Click Transform → Pivot Column, setting Value as the values column.
This should create a record with fields StartDate, EndDate, MinCost, MaxCost.
- Ensure that all values are in the correct data type (Date for StartDate and EndDate, Number for MinCost and MaxCost).
- Now, the parameters are dynamically retrieved from the PQ_parameters.xlsx file.
Step 3: Applying Parameters to Filter Data
Filter Sales Data Based on Date Range:
- Open the PQ_sales query in Power Query.
- Ensure that the OrderDate column is in Date format. If not, change it to Date using "Transform → Data Type → Date".
- Click on the filter dropdown for the OrderDate column.
- Select "Date Filters → Custom Filter".
- In the filter conditions:
Set the first condition to is after or equal to and reference the StartDate from the record.
Set the second condition to is before or equal to and reference the EndDate from the record.
- Click OK to apply the filter.
- Alternatively, use an M expression to filter data:
Table.SelectRows(PQ_sales, each [OrderDate] >= Parameters[StartDate] and [OrderDate] <= Parameters[EndDate])
Filter Sales Data Based on Cost Range:
- Ensure that the Cost column is in Number format.
- Click on the filter dropdown for the Cost column.
- Select "Number Filters → Between".
- Set the first condition to greater than or equal to and reference the MinCost from the record.

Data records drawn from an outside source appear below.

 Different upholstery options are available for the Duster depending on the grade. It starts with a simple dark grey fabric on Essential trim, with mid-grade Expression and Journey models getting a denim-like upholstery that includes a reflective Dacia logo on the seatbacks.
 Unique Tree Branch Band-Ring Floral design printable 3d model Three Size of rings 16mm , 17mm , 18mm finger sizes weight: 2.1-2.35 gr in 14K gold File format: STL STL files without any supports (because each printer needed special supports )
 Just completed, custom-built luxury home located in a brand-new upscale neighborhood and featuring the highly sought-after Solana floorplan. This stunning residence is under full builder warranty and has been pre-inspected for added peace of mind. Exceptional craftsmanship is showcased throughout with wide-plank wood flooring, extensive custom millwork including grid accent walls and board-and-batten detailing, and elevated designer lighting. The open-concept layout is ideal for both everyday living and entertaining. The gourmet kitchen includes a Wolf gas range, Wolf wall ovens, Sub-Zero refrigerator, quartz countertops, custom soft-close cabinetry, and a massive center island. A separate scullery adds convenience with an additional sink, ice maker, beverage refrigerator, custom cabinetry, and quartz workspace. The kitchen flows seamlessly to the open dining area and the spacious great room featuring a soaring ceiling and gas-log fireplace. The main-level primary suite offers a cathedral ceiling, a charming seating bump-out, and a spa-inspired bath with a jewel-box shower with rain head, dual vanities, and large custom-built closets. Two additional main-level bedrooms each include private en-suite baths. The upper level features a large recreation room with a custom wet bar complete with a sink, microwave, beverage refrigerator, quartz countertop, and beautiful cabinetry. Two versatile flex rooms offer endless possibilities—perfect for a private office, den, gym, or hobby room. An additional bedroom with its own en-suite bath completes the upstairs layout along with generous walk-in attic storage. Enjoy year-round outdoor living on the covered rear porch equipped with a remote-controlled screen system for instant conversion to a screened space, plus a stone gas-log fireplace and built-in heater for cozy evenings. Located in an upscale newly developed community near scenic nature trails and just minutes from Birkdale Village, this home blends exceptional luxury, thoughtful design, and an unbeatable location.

- Set the second condition to less than or equal to and reference the MaxCost from the record.
- Click OK to apply the filter.
- Alternatively, use an M expression:
Table.SelectRows(PQ_sales, each [Cost] >= Parameters[MinCost] and [Cost] <= Parameters[MaxCost])
Step 4: Building a Dynamic Data Source
Make the File Path Dynamic:
Source = Excel.Workbook(File.Contents(Parameters[FilePath]), null, true)

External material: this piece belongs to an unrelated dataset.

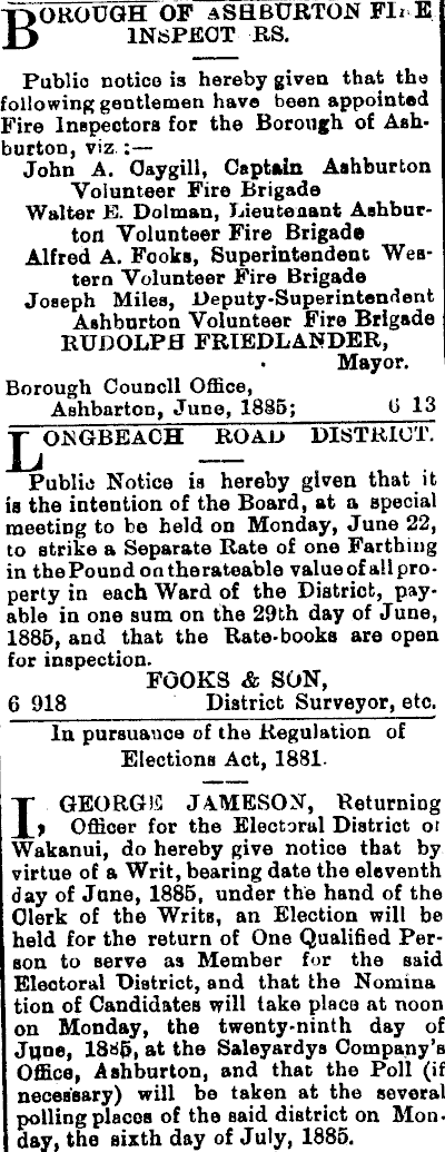 Borough of ashburton fi» k INSPECT RS. Public notice is hereby given that the following gentlemen have been appointed Fire Inspectors for the Borough of Ashburton, viz ■ John A. Cay gill. Captain Ashburton Volunteer Fire Brigade Walter E. Dolman, Lieutenant Ashburton Volunteer Fire Brigade Alfred A. Fooks, Superintendent Western Volunteer Fire Brigade Joseph Miles, Deputy-Superintendent Ashburton Volunteer Fire Brigade RUDOLPH FRIEDLANDER, • Mayor. Borough Council Office, Ashbarton, June, 1885; t» 13 ROAD DISTRICT. Public Notice is hereby given that it is the intention of the Board, at a special meeting to be held on Monday, June 22, to strike a Separate Rate of one Farthing in the Pound ootherateable valueof allproperty in each Ward of the District, payable in one sum on the 29th day of June, 1885, and that the Bate-books are open for inspection. FOOKS & SON, 6 918 District Surveyor, etc. In pursuance of the Regulation of Elections Act, 1881. I GEORG 15 JAMESON, Returning f Officer for the Electoral District ot Wakanui, do hereby give notice that by virtue of a Writ, bearing date the eleventh day of June, 1885, under the hand of the Clerk of the Writs, an Election will be held for the return of One Qualified Person to serve as Member for the said Electoral District, and that the Nomina tion of Candidates will take place at noon on Monday, the twenty-ninth day of Jqne, 18H5, at the Saleyardys Company’s Office, Ashburton, and that the Poll (if necessary) will be taken at the several polling places of the said district on Monday, the sixth day of July, 1885.
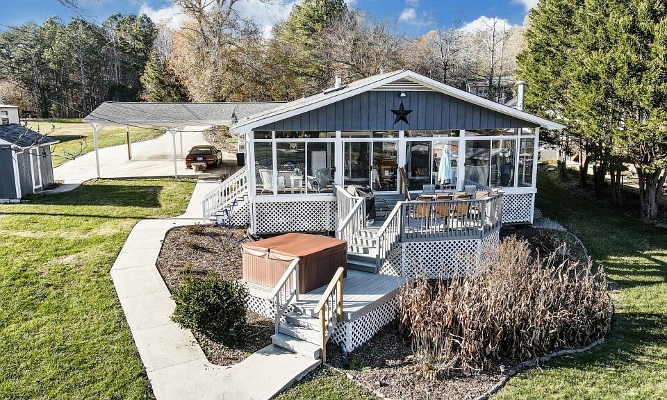 One level waterfront treasure designed to enjoy lake living and the outdoors. Hard to find gentle sloping lot located on a quiet cove with easy access to open water for boating and water sports. You?ll love the multi-level decks and covered dock that are perfect for outdoor entertaining or just to relax and take in the views. Easy living open floor plan boasts 2 bedrooms, 2 baths, vaulted great room with built-in cabinetry, wet bar, and wood burning stove. Entertain in your amazing kitchen with stainless steel appliances, granite counters, breakfast bar, and pantry. The fabulous sunroom even has a/c unit and a wood burning fireplace for 4 season use! Looking for peace, serenity and relaxation then this is the house for you. Low SC taxes, great Rock Hill location close to shopping, dining, and more.

- Instead of using a static file path, create a parameter for the file location.
- Where FilePath is a user-defined parameter stored in PQ_parameters.xlsx.
Task
- ✔ Create and use parameters to filter the data dynamically.
- ✔ Implement a dynamic data source with a parameterized file path.
- ✔ Use ChatGPT to troubleshoot or improve your M script.